As an example, in a 4-Level converter circuit, if VIN=12V and VOUT nominally should be 3V, then the Voltage Level Selector 1012 may indicate that a Target Level of “2” can be selected, which results in a ⅓VIN voltage level at LX (i.e., 4V). The PWM control signal sets a duty cycle between that Target Level and another Target Level (e.g., GND) so that the average voltage level at LX will be about 3V.
In general, for steady-state operations, the Target Level voltage closest to VOUT that either charges or discharges the inductor L may be selected for simplicity of the selection algorithm.

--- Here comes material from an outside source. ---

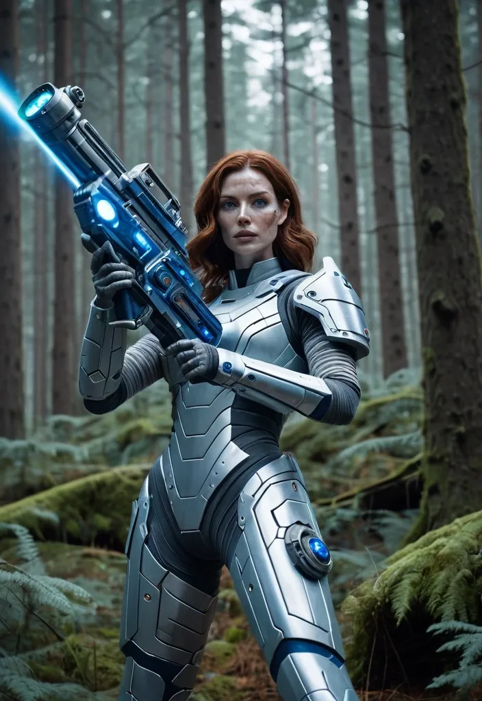 Fashionable burgundy battalion-style heels and burgundy stockings worn by a beautiful cyborg with mechanical details and neon eyes , holding a book and looking at it while sitting on a bed with her hand in her hair. The bedroom features burgundy flowers , a burgundy planet , a burgundy moon visible through the window , and wisps of burgundy smoke. Dark Cyberpunk aesthetic with cosmic , progressive industrial elements , ice fractal fog , and liquid nitrogen. Cinematic lighting with Minecraft-inspired highlights and a gradient color scheme of white , blue-black , and deep blue. 8k HDR professional photo , subject focus on the body , with background elements of a tank top , midriff , knee-high leg warmers , stripped side ties , and bare feet. A fashionable cyborg with mechanical enhancements and neon eyes , wearing battalion-style burgundy heels , burgundy stockings , and a midriff-baring tank top , sits on a bed in a dark , cosmic Cyberpunk city bedroom. Burgundy smoke and flowers surround the scene , with a burgundy planet and moon visible in the background. The cyborg holds a book , looking at it intently , with one hand in their hair. The lighting is inspired by Minecraft , with a gradient of white , blue-black , and deep blue , creating an 8k HDR , Monumental , dark fantastic atmosphere. Photorealistic style , with sharp focus on the body. ,

In general, for transient response, a Target Level that is higher (for charging) or lower (for discharging) than the closest Target Level may be selected to quickly charge or discharge the inductor L. The Voltage Level Selector 1012 may be implemented, for example, as a look-up table (LUT) or as comparison circuitry and combinatorial logic or more generalized processor circuitry. In some embodiments, the Voltage Level Selector 1012 can implement advanced methods (described below) that try to speed up charging or discharging based on additional factors, such as inductor voltage drop, load transients, the magnitude of output deviations, and/or external input signals from external sources. The output of the Voltage Level Selector 1012 may include duty cycle information (e.g., derived from the input PWM control signal) as well as switch state.
The output of the Voltage Level Selector 1012 is coupled to a Multi-Level Switch State Selector 1014, which generally would be coupled to the status signals, CFx_H/L, from the voltage detectors for the fly capacitors Cx. Taking into account the Target Level generated by the Voltage Level Selector 1012, the Multi-Level Switch State Selector 1014 determines a pattern of switch states for the desired output level that generally achieves charge-balancing the fly capacitors Cx. The Multi-Level Switch State Selector 1014 may be implemented, for example, as comparison circuitry and combinatorial logic, as a look-up table (LUT), or as more generalized processor circuitry. The output of the Multi-Level Switch State Selector 1014 is coupled to the switches of the multi-level converter cell 1020 (through appropriate level-shifter circuits and drivers circuits, as may be needed for a particular converter cell) and includes a pattern of switch state settings determined by the Multi-Level Switch State Selector 1014. The pattern of switch state settings selects the configuration of the switches within the multi-level converter cell 1020.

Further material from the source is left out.